Russia clearly has the ability to make sanctions against Iran less effective, and there are ways it can make these talks more difficult as well.“We wouldn’t like to use these talks as an element of the game of raising the stakes, taking into account the sentiments in some European capitals, Brussels and Washington,” [Russian delegate to the Iran talks Sergei] Ryabkov was quoted as saying. “But if they force us into that, we will take retaliatory measures here as well. The historic importance of what happened in the last weeks and days regarding the restoration of historical justice and reunification of Crimea with Russia is incomparable to what we are dealing with in the Iranian issue.”
Western experts keep repeating the mantra that Russia shares the West’s interest in keeping the Iranians from getting the bomb, and it is true that such an interest exists. But that interest may not be as important as Westerners like to think it is. Russia has a much greater interest in reducing American power and prestige, and forcing Obama into a corner on Iran could look very attractive to the Kremlin.

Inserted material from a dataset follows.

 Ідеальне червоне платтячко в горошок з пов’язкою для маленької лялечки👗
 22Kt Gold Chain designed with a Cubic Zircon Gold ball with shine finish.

After all, if Russia did manage to stop the talks dead, the result wouldn’t automatically be an Iranian bomb. The first result would be to put Obama into the horrible, no-win situation he has spent his whole presidency working hard to avoid: where his only two choices are military action against Iran and accepting an Iranian nuclear weapon. If (as the White House has continually insisted that he would) he goes for force, the United States gets involved in another Middle Eastern war, and Russia enjoys a huge financial windfall as oil prices skyrocket and a propaganda windfall as the United States (without a UN mandate, which Russia would take care to block) takes on yet another preventative war in a Middle Eastern country.
Or, alternatively, the United States endures its most humiliating and devastating foreign policy defeat in decades, leaving its prestige in tatters and its global alliance system fundamentally weakened as yet another of President Obama’s red lines, this one much brighter and deeper than the one in Syria, gets crossed—with impunity.

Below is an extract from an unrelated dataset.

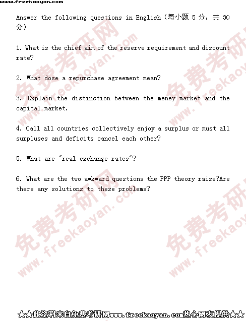 西南财经大学2000年半岛在线注册真题-金融学(货币方向所有试题)

Either way, a rational Russian might see gains that would offset the consequences of an Iranian nuclear weapon—and, again, Russia’s core strategic goal is to weaken and damage American power as a necessary step in overturning a post-Cold War order that Putin and his associates hate.

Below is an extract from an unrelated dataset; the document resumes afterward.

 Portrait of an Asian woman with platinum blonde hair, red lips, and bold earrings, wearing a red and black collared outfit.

It’s not clear exactly how much of a spoiler Russia could be in these talks, but the West may still be underestimating Russia’s determination to strike at American power and prestige when the opportunity arises. Typically, Putin looks for places where the West has made large rhetorical claims that its leaders lack the will to enforce. Then he strikes hard, revealing how hollow their fine rhetoric is as their weak responses unfold. The Iranian case, where the U.S. negotiating position fundamentally rests on the threat of force if all else fails, may, Putin might calculate, be just another case of White House bluff. Working to make sure that bluff is called would be an immensely satisfying foreign policy coup for the Kremlin.